Isn't there another way, without giving the name to the constructor as an argument?

Yes, supply the name as a static constant:

class MyClass
{
public:
const char * get_class_name(void)
{ return class_name;} // option #2
static const char class_name[];
};

const char MyClass::class_name[] = "MyClass";

I think he's looking for the identifier of each
specific instance, not for the name of the class.

-Mike

Mike Wahler wrote:

Thomas Matthews <Th**********************@sbcglobal.net> wrote in message
news:nY***************@newssvr32.news.prodigy.com. ..

Thomas Baier wrote:

> Isn't there another way, without giving the name to the constructor as an > argument?

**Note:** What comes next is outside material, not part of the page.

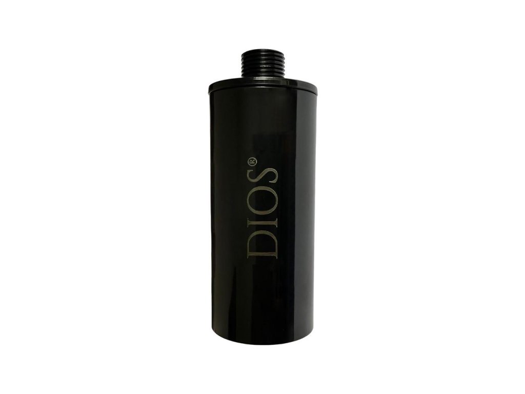 Sprchový filtr Dios se vyznačuje 3-stupňovou filtrací: mechanické nečistoty zachycují textilní přepážky, další filtrační hmoty (granule slitiny kovů, keramické kuličky) jsou zaměřeny na odstranění chloru, bakterií a tvrdosti a vzájemně se vhodně doplňují. Aktivní uhlí ve sprchovém filtru zásadně nepoužíváme, protože na rozdíl od studené vody se při použití aktivního uhlí pro teplou vodu do vody uvolňují nežádoucí škodliviny. Nově obsahuje sprchový filtr DIOS nejen granule slitiny kovů, ale také keramické dechlorační kuličky s podstatně vyšší účinností. Jsou vyrobeny z vysoce kvalitního siřičitanu vápenatého, snižují povrchové napětí vody, odstraní nepříjemnou chuť, zápach a přeměňují okamžitě chlor na neškodnou sůl. Účinnost je více než 95 %.To umožňuje mimo jiné i zefektivnění pěnění mýdla a šamponů.

Yes, supply the name as a static constant:

class MyClass
{
public:
const char * get_class_name(void)
{ return class_name;} // option #2
static const char class_name[];
};

const char MyClass::class_name[] = "MyClass";

I think he's looking for the identifier of each
specific instance, not for the name of the class.

-Mike

Right. I want to have a Tree class were you can get the name of every single
tree in order to show the hole tree graphically.

Thomas Matthews wrote:

Thomas Baier wrote:

Isn't there another way, without giving the name to the constructor as an
argument?

Yes, supply the name as a static constant:

class MyClass
{
public:
const char * get_class_name(void)
{ return class_name;} // option #2
static const char class_name[];
};

const char MyClass::class_name[] = "MyClass";

In that cas, isn't it better using RTTI mechanism instead of your method ?

Michael

Demanet Michael wrote:

In that cas, isn't it better using RTTI mechanism instead of your method ?

Not if you want the names to be meaningful. The typeinfo::name() field isn't
guaranteed to be overly useful.